In A. omoi, there are nine posterior setae on sternite VII, including Pc (which is absent in the new species) and there is a single spm or spsm pore on sternites I–III (while in A. panamensis pores are absent on these sternites). Moreover, the Japanese species has a longer sensillum b (nearly as long as c), and a shorter sensillum e, slightly passing the base of t3. On the other hand, A. catalanus has 8/14 setae on tergites II–V (vs 6/16 in the new species), a longer sensillum a passing the base of d, sensilla b and c subequal in length, a longer sensillum f reaching the base of claw, and comb VIII with only 7–8 teeth (vs 11–12 of A. panamensis).

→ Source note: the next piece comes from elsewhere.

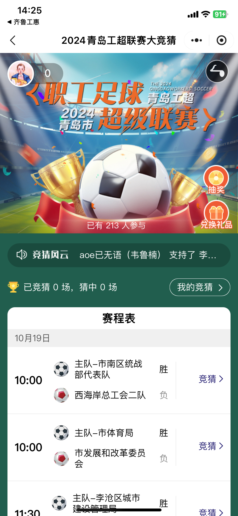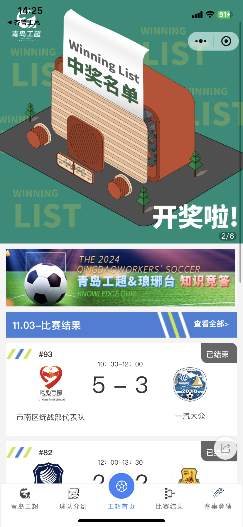 在比赛进行的同时,青岛工超官方小程序“工超联赛”也正式上线,齐鲁工惠APP也同步开设“青岛工超”专栏。该程序不仅让职工能够实时掌握赛事的最新动态,随时随地浏览赛程进度,即时获取比赛结果及积分榜、射手榜、红黄牌榜在内的最新动态,还特别设置了赛事竞猜、线上抽奖等各式各样的精彩活动,广大职工朋友可以通过小程序踊跃参与互动活动赢取丰厚奖品。
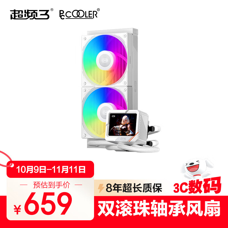 超频三(PCCOOLER)北境GT240 ARGB 白色屏显一体式CPU水冷散热器/3.5吋液晶屏/自定义主题/支持1851/AM5

It is possible that the presence on sternite VI of 2 + 2 spsm pores in the male specimen and 1 + 2 in the female of the new species is due to a sexual dimorphism of porotaxy already known in other Acerentulus species (see Szeptycki Citation1993).
Discussion
Protura are poorly known, and the fauna of many countries or large parts of them is still unstudied due to the very low number of specialists (see Galli & Rellini Citation2020; Galli Citation2022). In particular, in Central and South America, research on proturans was limited to a few localities and the total number of species amounts to only 59 (see also Shrubovych et al. Citation2014a). In the present paper, the first record of Protura from Panama is reported with the description of a new species of Acerentomidae. The fact that the only two specimens currently available for the entire country belong to a new species should be considered symptomatic of the incomplete level of knowledge of the fauna of this area.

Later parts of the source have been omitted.